• _SOURCE MATERIAL_:

=-=-=-=-=

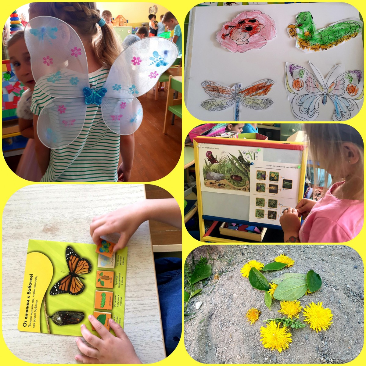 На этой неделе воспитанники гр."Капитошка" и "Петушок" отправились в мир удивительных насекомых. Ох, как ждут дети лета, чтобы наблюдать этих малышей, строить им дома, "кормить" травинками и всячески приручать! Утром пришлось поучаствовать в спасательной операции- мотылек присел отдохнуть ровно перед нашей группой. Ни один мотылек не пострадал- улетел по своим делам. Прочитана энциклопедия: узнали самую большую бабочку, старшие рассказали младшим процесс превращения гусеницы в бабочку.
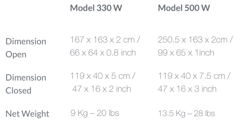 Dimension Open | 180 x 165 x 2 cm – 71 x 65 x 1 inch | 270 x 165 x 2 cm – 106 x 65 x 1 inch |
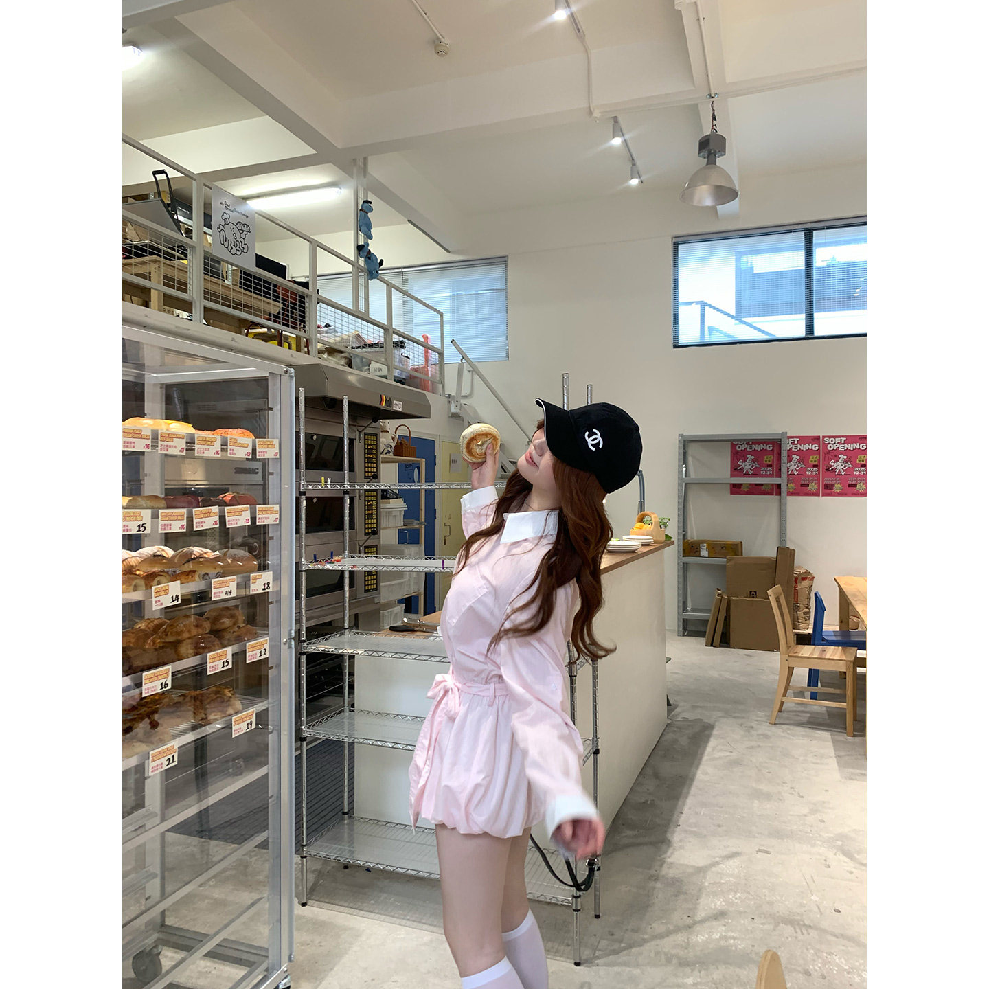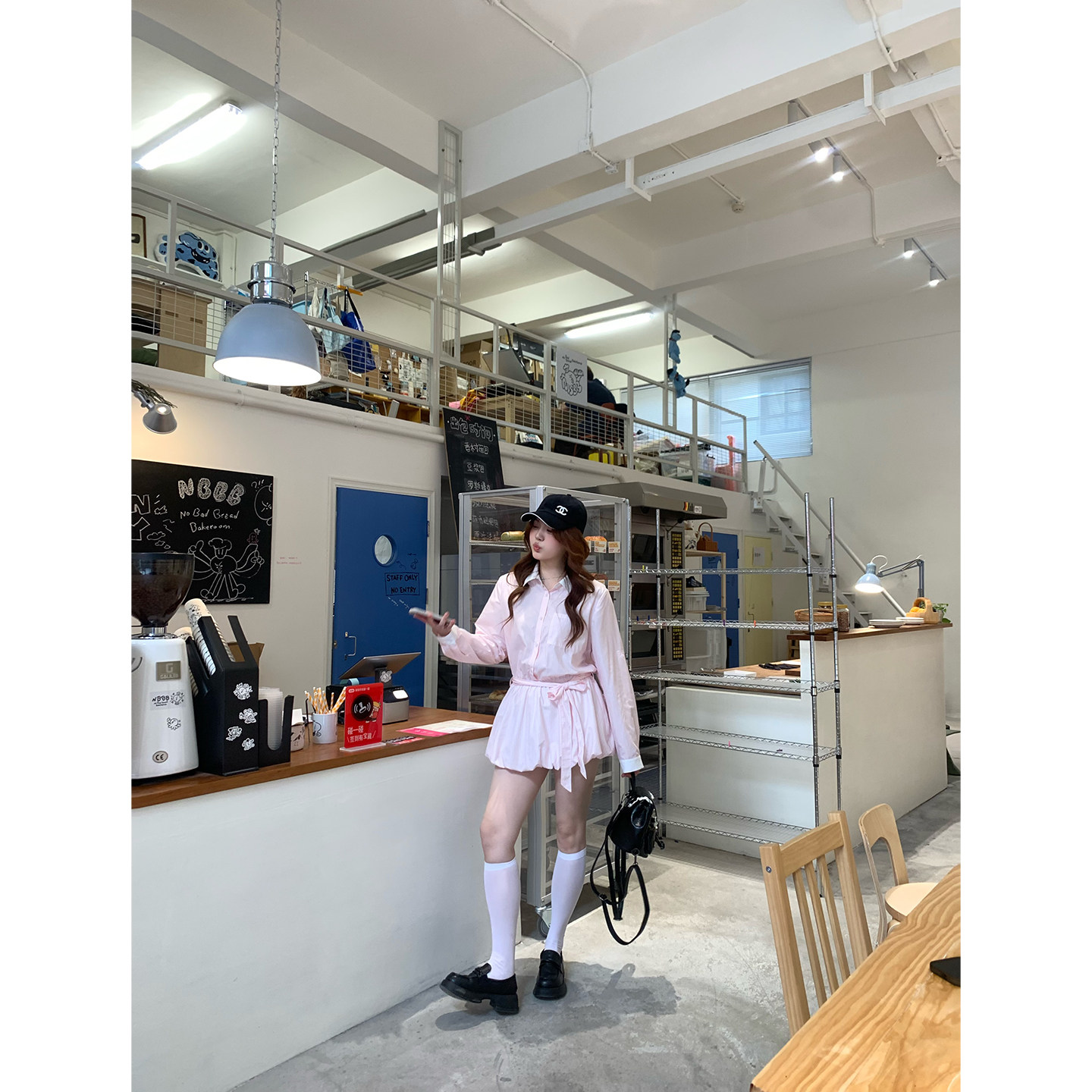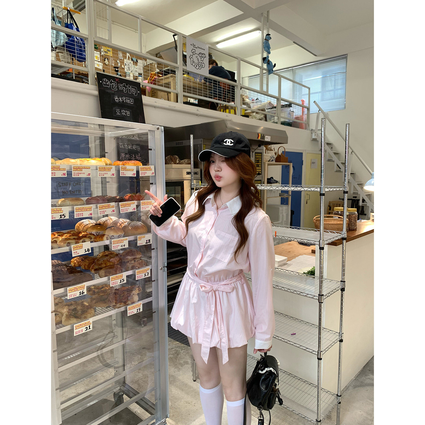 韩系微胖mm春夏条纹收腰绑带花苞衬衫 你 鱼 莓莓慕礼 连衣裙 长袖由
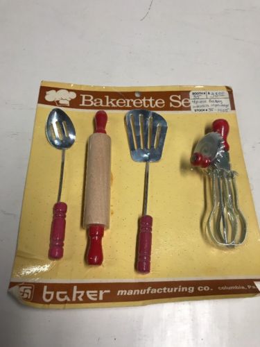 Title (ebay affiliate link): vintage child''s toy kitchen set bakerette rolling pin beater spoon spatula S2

=-=-=-=-=

• _TASK STATEMENT_:
The whole of the data above needs retyping exactly, with pictures omitted.

• _PROBLEM SOLUTION_:
 На этой неделе воспитанники гр."Капитошка" и "Петушок" отправились в мир удивительных насекомых. Ох, как ждут дети лета, чтобы наблюдать этих малышей, строить им дома, "кормить" травинками и всячески приручать! Утром пришлось поучаствовать в спасательной операции- мотылек присел отдохнуть ровно перед нашей группой. Ни один мотылек не пострадал- улетел по своим делам. Прочитана энциклопедия: узнали самую большую бабочку, старшие рассказали младшим процесс превращения гусеницы в бабочку.
 Dimension Open | 180 x 165 x 2 cm – 71 x 65 x 1 inch | 270 x 165 x 2 cm – 106 x 65 x 1 inch |
 韩系微胖mm春夏条纹收腰绑带花苞衬衫 你 鱼 莓莓慕礼 连衣裙 长袖由
 Title (ebay affiliate link): vintage child''s toy kitchen set bakerette rolling pin beater spoon spatula S2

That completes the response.